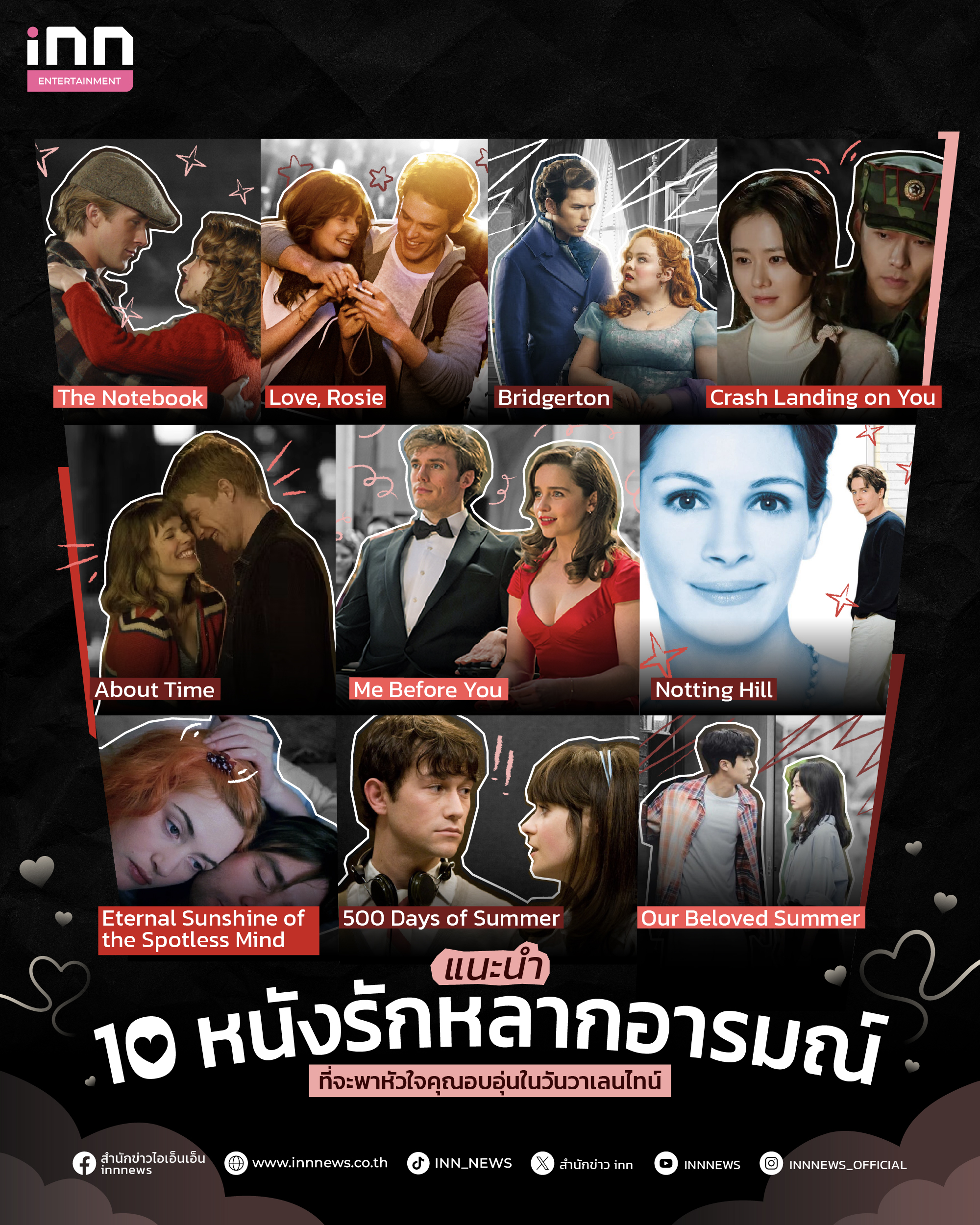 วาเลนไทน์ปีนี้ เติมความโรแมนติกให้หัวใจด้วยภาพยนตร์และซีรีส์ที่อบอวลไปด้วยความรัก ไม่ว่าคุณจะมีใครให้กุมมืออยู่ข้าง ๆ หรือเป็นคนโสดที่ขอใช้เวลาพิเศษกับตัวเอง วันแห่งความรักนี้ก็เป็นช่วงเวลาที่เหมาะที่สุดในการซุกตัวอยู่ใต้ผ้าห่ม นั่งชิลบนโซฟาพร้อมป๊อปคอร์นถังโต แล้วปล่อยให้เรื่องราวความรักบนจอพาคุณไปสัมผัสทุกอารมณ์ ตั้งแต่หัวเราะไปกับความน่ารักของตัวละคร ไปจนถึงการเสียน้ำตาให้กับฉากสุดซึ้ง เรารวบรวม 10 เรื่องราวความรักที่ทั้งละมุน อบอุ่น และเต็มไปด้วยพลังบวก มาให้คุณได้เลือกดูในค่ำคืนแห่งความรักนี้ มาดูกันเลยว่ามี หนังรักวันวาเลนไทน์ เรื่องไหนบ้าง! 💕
════
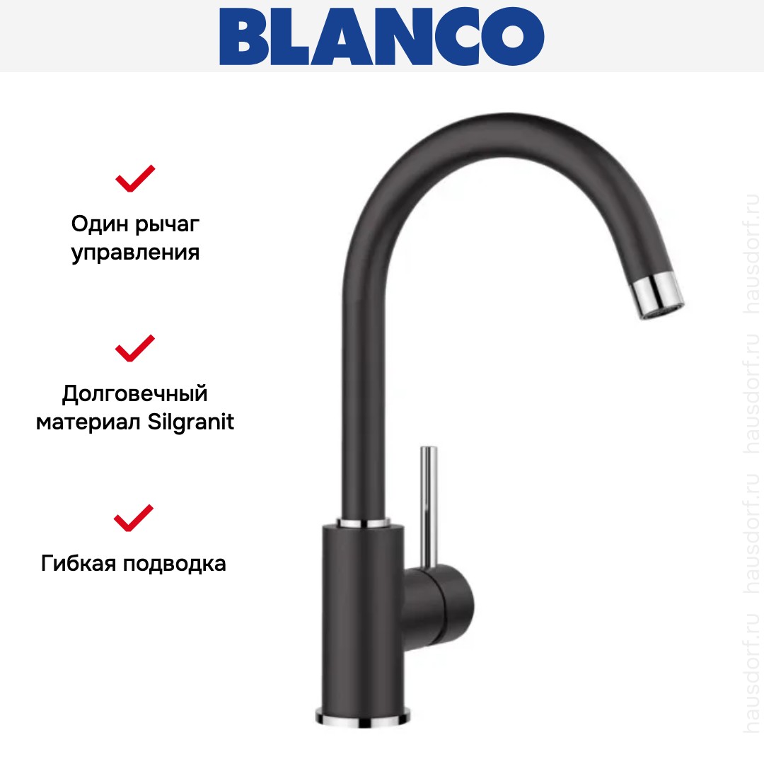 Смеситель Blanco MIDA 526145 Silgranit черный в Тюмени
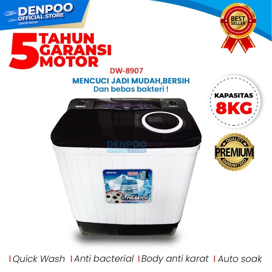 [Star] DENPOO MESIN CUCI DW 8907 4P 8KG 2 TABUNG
════
TO DO →
Would you copy the lines above exactly, starting with the one that has "Смеситель Blanco MIDA" and ending with the one that has "[Star] DENPOO MESIN", both included, without the pictures?

ANSWER TO THE EXERCISE →
 Смеситель Blanco MIDA 526145 Silgranit черный в Тюмени
 [Star] DENPOO MESIN CUCI DW 8907 4P 8KG 2 TABUNG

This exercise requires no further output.